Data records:
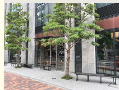
KABUTO ONE 1階 レストラン街
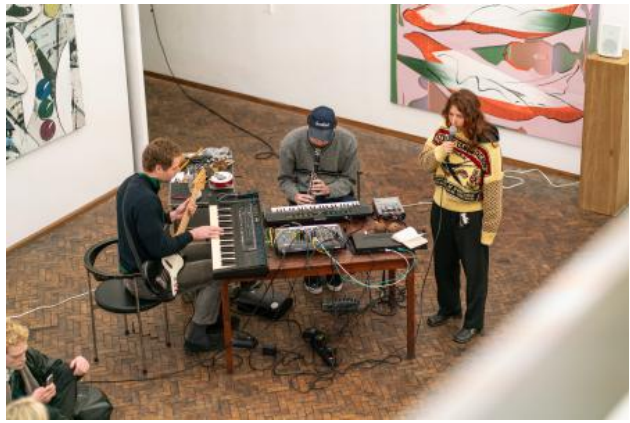
Performance Een tor met Elan, 2019
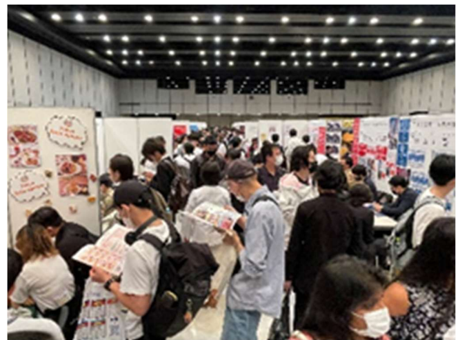
（画像）アクセス日本留学フェア 6月東京会場風景（ヒカリエホール）
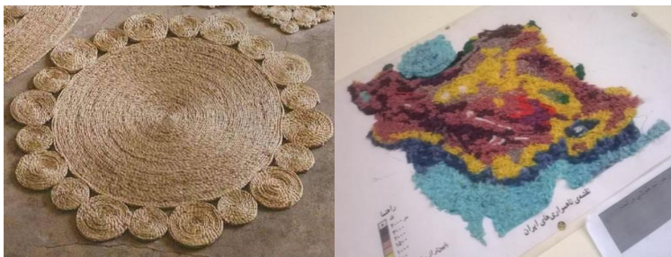
شکل ۸- تلفیق هنر نقاشی با هنر تجسمی: برجسته کاری (به کمک کف و کاموا)
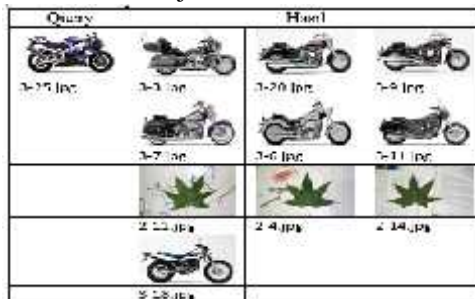
Tabel 5. Hasil Ujicoba dataset UW
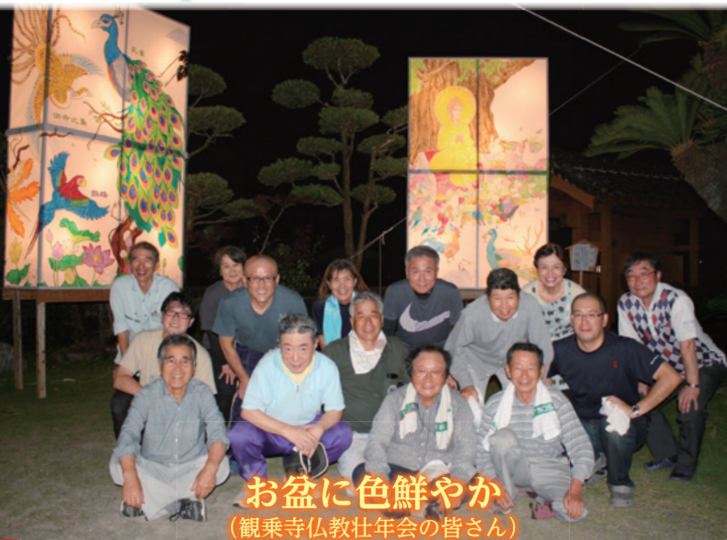
お盆に色鮮やか (観乗寺仏教壮年会の皆さん)
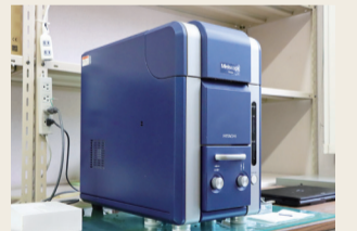
▲博物館にある電子顕微鏡
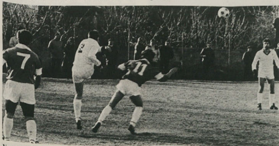
Vesna je v nedeljo doma remizirala z ekipo Zaule (0:0).
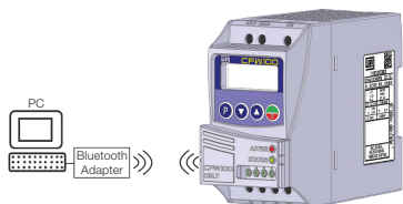
Figure A2: Communication with the SuperDrive G2
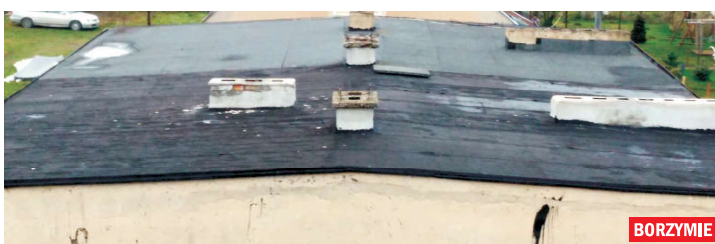
BORZYMIE ◀ PRZED | PO ▶
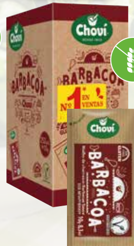
Ref.: 2121000006 CHOVÍ Salsa barbacoa 252 sobres de 10 g
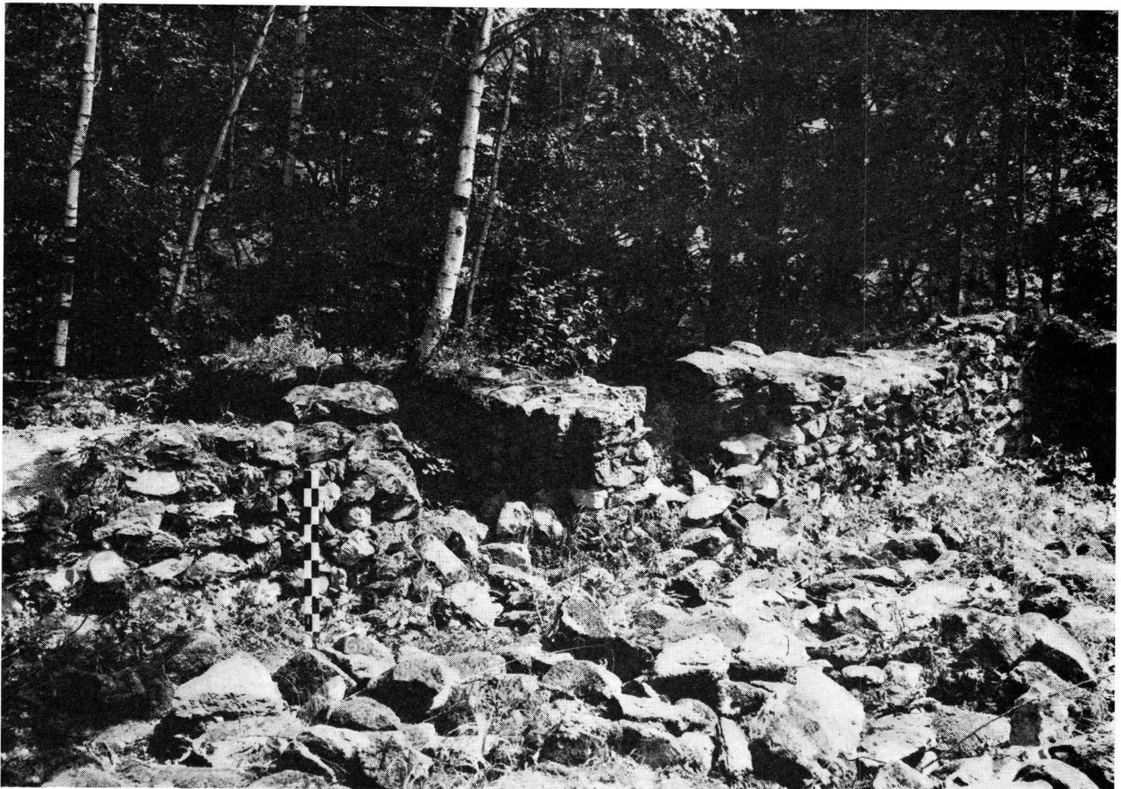
Burgstelle Sola GL.
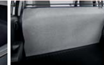
파티션 보드 방오 커버
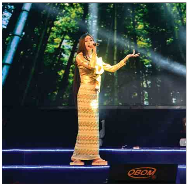
ငြိမ်းချမ်းရေးဂီတပွဲတော်(၂၀၁၇) သီချင်းဆိုပြိုင်ပွဲ Level(3) အဆင့် ပွဲစဉ်(၁) တွင် ပြိုင်ပွဲဝင်နေသူတစ်ဦးကို တွေ့ရစဉ်။
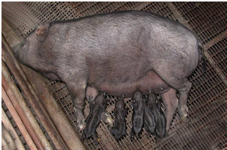
哺乳中的蘭嶼豬 GPI-CRC-PGD 基因型純合品系。

WORK TASK: Return, exactly as they stand, the lines above from the one with "Figure A2: Communication" to the one with "ငြိမ်းချမ်းရေးဂီတပွဲတော်(၂၀၁၇) သီချင်းဆိုပြိုင်ပွဲ Level(3)", omitting any pictures among them.

YOUR RESPONSE:
Figure A2: Communication with the SuperDrive G2
BORZYMIE ◀ PRZED | PO ▶
Ref.: 2121000006 CHOVÍ Salsa barbacoa 252 sobres de 10 g
Burgstelle Sola GL.
파티션 보드 방오 커버
ငြိမ်းချမ်းရေးဂီတပွဲတော်(၂၀၁၇) သီချင်းဆိုပြိုင်ပွဲ Level(3) အဆင့် ပွဲစဉ်(၁) တွင် ပြိုင်ပွဲဝင်နေသူတစ်ဦးကို တွေ့ရစဉ်။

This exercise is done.